Hi all,
A few months ago I started a proof of concept to develop a fast Python library for physical units (because we don’t have enough of them ) called fastunits. This is unrelated to the prototype @seberg presented today at SciPy 2022, which uses dtypes instead.
The current philosophy of fastunits is that Quantity
wraps a value
and a unit
. This is how it should look like:
import numpy as np
from fastunits.??? import ??? as u # TBC
qv1 = [1, 0, 0] << u.m
# Under the hood, this does
# qv1 = ArrayQuantity.from_list([1, 0, 0], u.m)
qv2 = [0, 1, 0] << u.cm
qv3 = np.random.randn(10_000) << u.m
print(qv1 + qv2)
As you can see, it’s heavily inspired by astropy.units
, but I want to achieve at least a 10x improvement in performance by sacrificing some backwards compatibility and assumptions.
However, I have two questions on how to make this integrate nicely with the rest of the Scientific Python ecosystem:
- Should I make
*Quantity
objects wrap any object conforming to the Python array API standard? This supposedly should allow folks to usefastunits
not only with NumPy arrays but also any of the “implementors” (as described in array-api#1). However, after reading various NEPs and GitHub comments here and there, I’m not at all sure if the image below reflects the current consensus, an up-to-date list of implementors, etc.
- Should I make
*Quantity
be an Array API implementor? My gut feeling was that anything that is not purely numerical arrays is beyond what the spec covers, and @seberg confirmed that intuition to me yesterday. However, there could be more clarity about what users expect in terms of convenience features. In other words: shouldnumpy.add(q1, q2)
return afastunits.*Quantity
? The alternative is that users need to wrap/unwrap quantities every time, or do things like
import fastunits.numpy_compat as funp
q = funp.add(q1, q2)
which is inconvenient.
As far as I understand, this should be done with NEP 18 __array_function__
, but the draft of NEP 37 recollects contains several discouraging paragraphs, like (emphasis mine)
__array_function__
has significant implications for libraries that use it: […] users expect NumPy functions likenp.concatenate
to return NumPy arrays. […] Libraries like Dask and CuPy have looked at and accepted the backwards incompatibility impact of__array_function__
; it would still have been better for them if that impact didn’t exist".

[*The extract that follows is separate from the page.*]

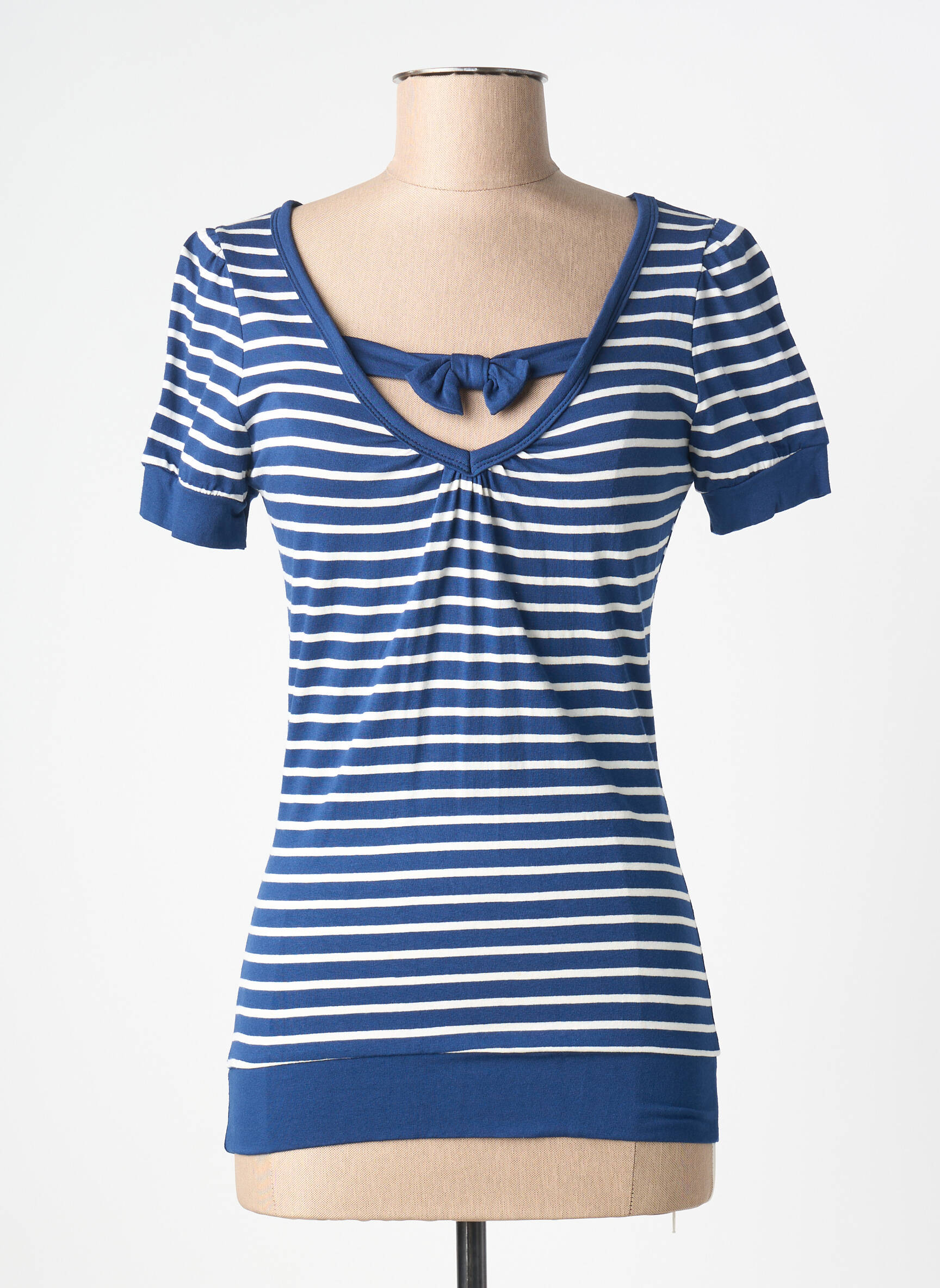 Craquez pour ce T-shirt femme AS DE COEUR à petit prix, une pièce tendance qui séduit par son imprimé rayé bleu et blanc et son joli détail nœud à l’encolure, parfait pour dynamiser vos looks tout en faisant des économies sur votre budget mode.
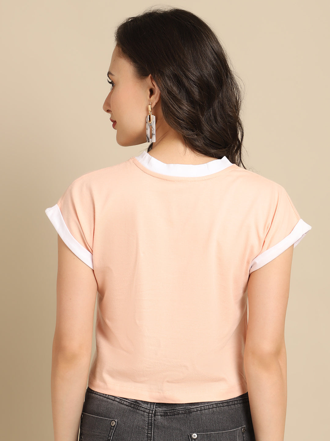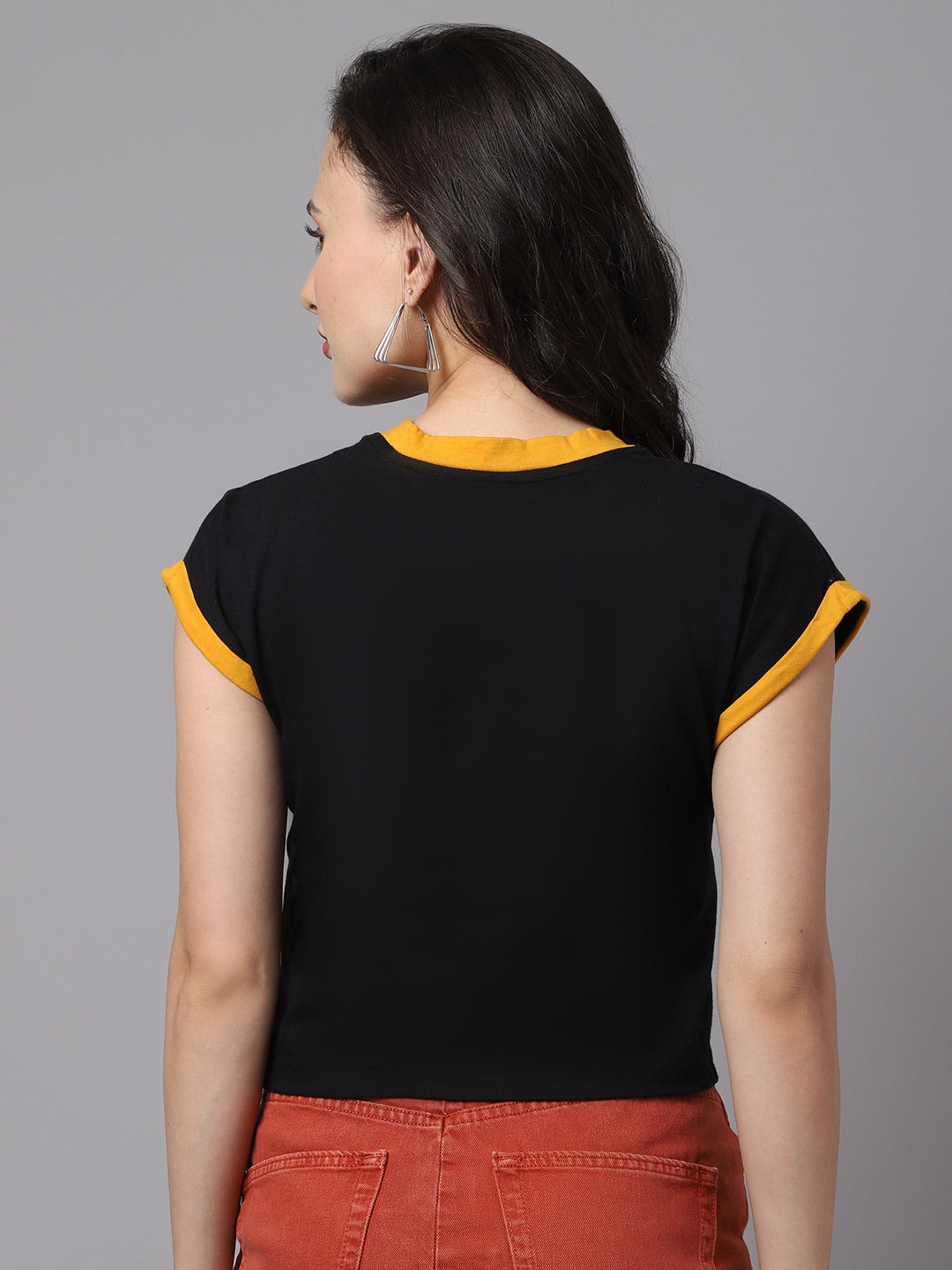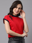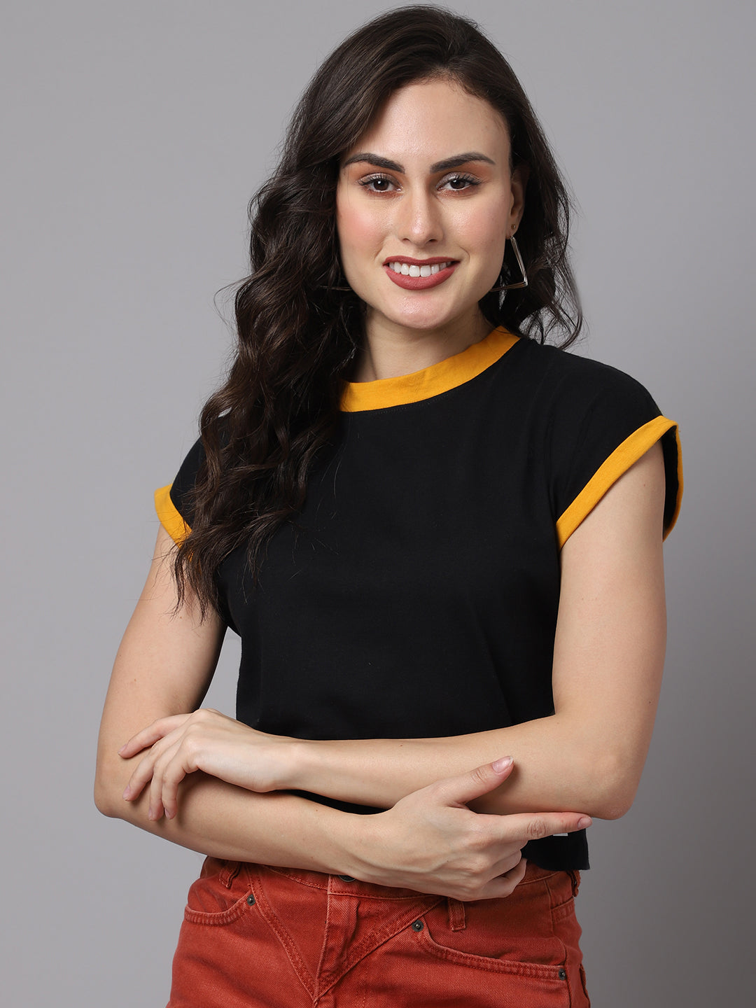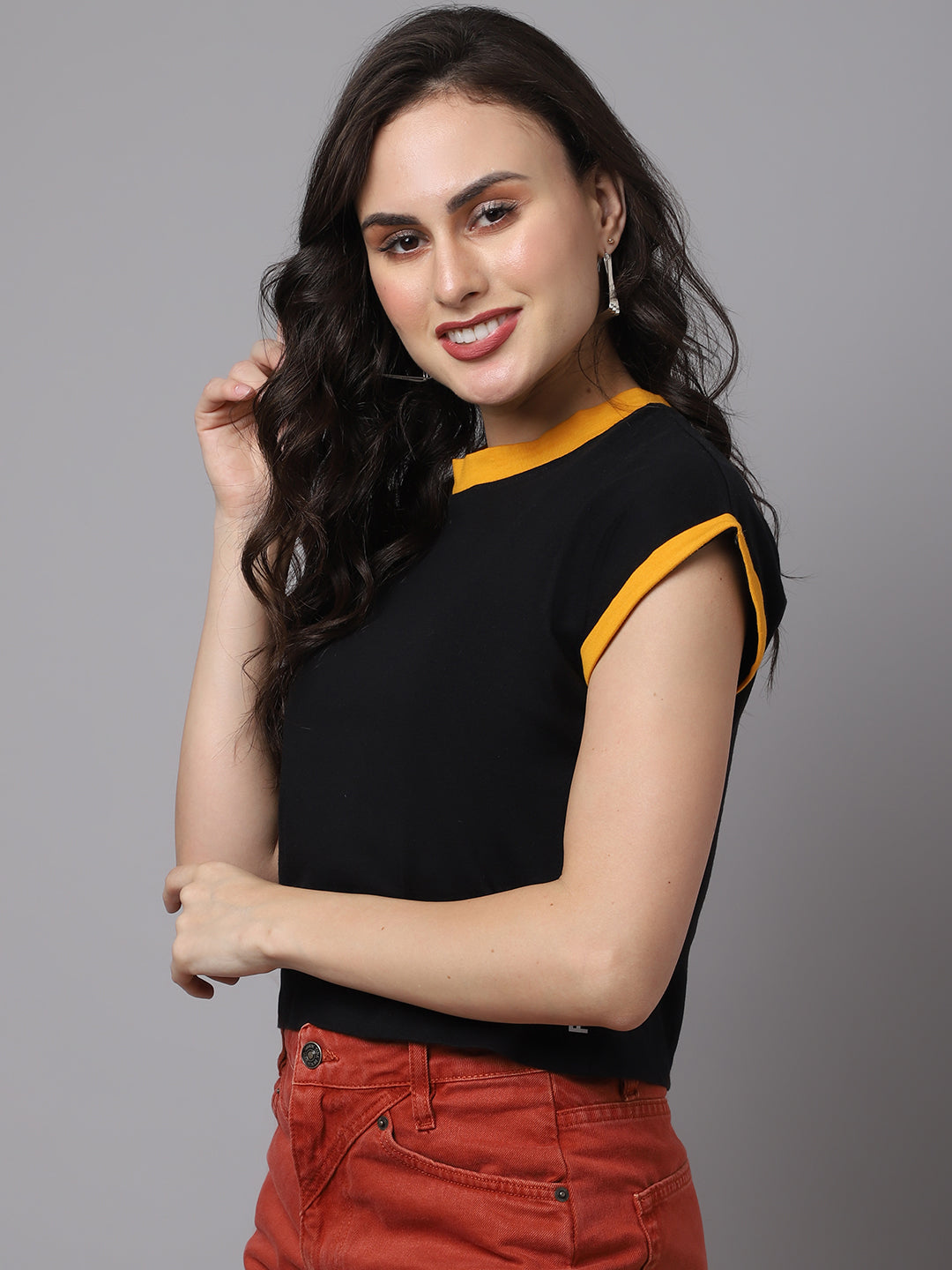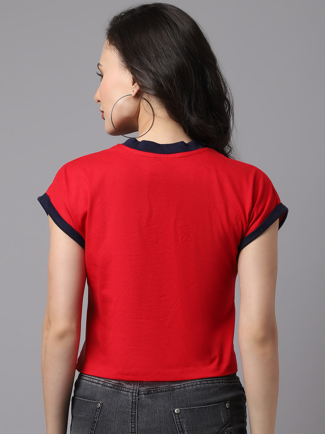 Friskers Women Solid Ribbed Round Neck Crop Top

I feel like there are a lot of painful conversations behind these words, but as an outsider, I have zero context of what happened, and more importantly I’m not sure what is the blessed way to proceed.
Another reason I’m so hesitant is that I’ve seen other packages inherit np.ndarray
for this, but I’m not sure at all it’s a good idea to do such a thing.
I tried to be as articulate and succinct as possible, looking forward to reading your opinions on this!